Fortune 100 CEO’s and Social Media

// Sunday, July 12th, 2009 02:40 am GMT -5 // No Comments » // Social Media

UberCEO recently did a study with the headline “It’s Official: Fortune 100 CEOs Are Social Media Slackers.” It goes on to analyze the social-media habits of CEOs at large companies and concluded, shockingly, that they don’t use social media much. They looked at Fortune’s 2009 list of the top 100 CEOs to determine how many were using Facebook, Twitter, LinkedIn, Wikipedia, or had a blog.  The results show a miserable level of engagement.  Here are the topline results:

• Only two CEOs have Twitter accounts.

• 13 CEOs have LinkedIn profiles, and of those only three have more than 10 connections.

• 81% of CEOs don’t have a personal Facebook page.

• Three quarters of the CEOs have some kind of Wikipedia entry, but nearly a third of those have limited or outdated information.

• Not one Fortune 100 CEO has a blog.

I’m surprised but then again… I’m not surprised.
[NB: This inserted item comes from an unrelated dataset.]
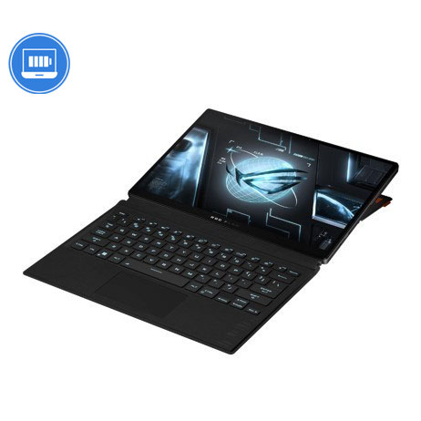 SPESIFIKASI : • CPU : 12th Gen Intel® Core™ i9-12900H Processor 2.5 GHz (24M Cache, up to 5.0 GHz, 14 cores: 6 P-cores and 8 E-cores) • GPU : NVIDIA® GeForce RTX™ 3050Ti Laptop GPU 4GB GDDR6 MUX Switch + Optimus ROG Boost: 1085MHz* at 40W (1035MHz Boost Clock+50MHz OC, 35W+5W Dynamic Boost) • Display : 13.4-inch WUXGA (1920 x 1200) 16:10 Touch Screen IPS-level, Refresh Rate 120Hz Adaptive-Sync, Brightness 500nits, sRGB % 100% Pantone Validated / 13.4-inch WQUXGA (3840 x 2400) 16:10 Touch Screen IPS-level, Refresh Rate 60Hz Adaptive-Sync, Brightness 500nits, DCI-P3 % 85% Pantone Validated • Memory : 16GB (8GB*2 LPDDR5 on board) • Storage : 1TB M.2 2230 NVMe™ PCIe® 4.0 SSD • Operating System : Windows 11 Home • Office : Office Home and Student 2021 • Speaker : 2-speaker system with Smart Amplifier Technology • Keyboard : Backlit Chiclet Keyboard RGB • Audio Tech : AI noise-canceling technology Dolby Atmos Hi-Res certification Smart Amp Technology • Wifi : Wi-Fi 6E(802.11ax)+Bluetooth 5.2 (Dual band) 2*2 (*BT version may change may change with OS upgrades.)"
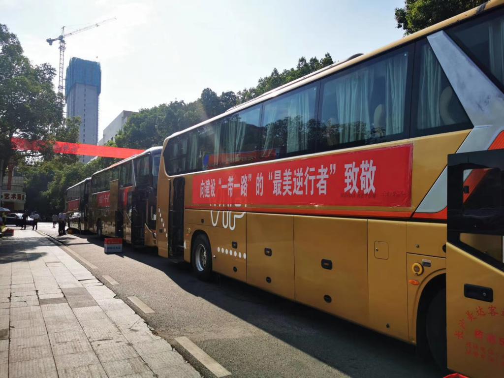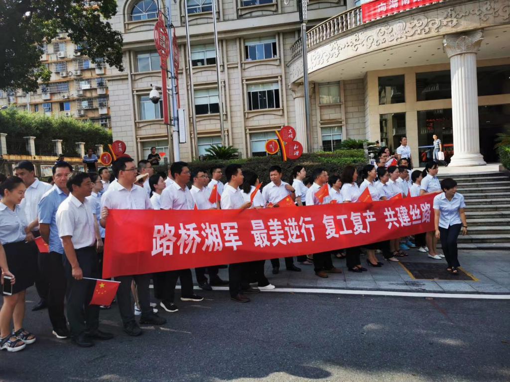 出征儀式上,湖南交水建集團(tuán)領(lǐng)導(dǎo)向赴格團(tuán)組領(lǐng)隊(duì)授 " 赴格魯吉亞復(fù)工復(fù)產(chǎn)先鋒隊(duì) " 隊(duì)旗,省國(guó)資委、湖南交水建集團(tuán)和湖南路橋集團(tuán)相關(guān)領(lǐng)導(dǎo)對(duì)團(tuán)組成員進(jìn)行慰問(wèn),贈(zèng)送防疫愛(ài)心禮包,歡送這群為國(guó)際工程履約、奔赴海外的 " 最美逆行者 "。

Too many CEOs think there are more important things to do besides identify with and build an audience for themselves and their company. I also suspect the reasons CEO’s aren’t using social media is because of fear and lack of knowledge seeing that the CEO’s that stood out of the pack are all from technology companies – Michael Dell (Dell), Gregory Spierkel (Ingram Micro) and John Chambers (Cisco).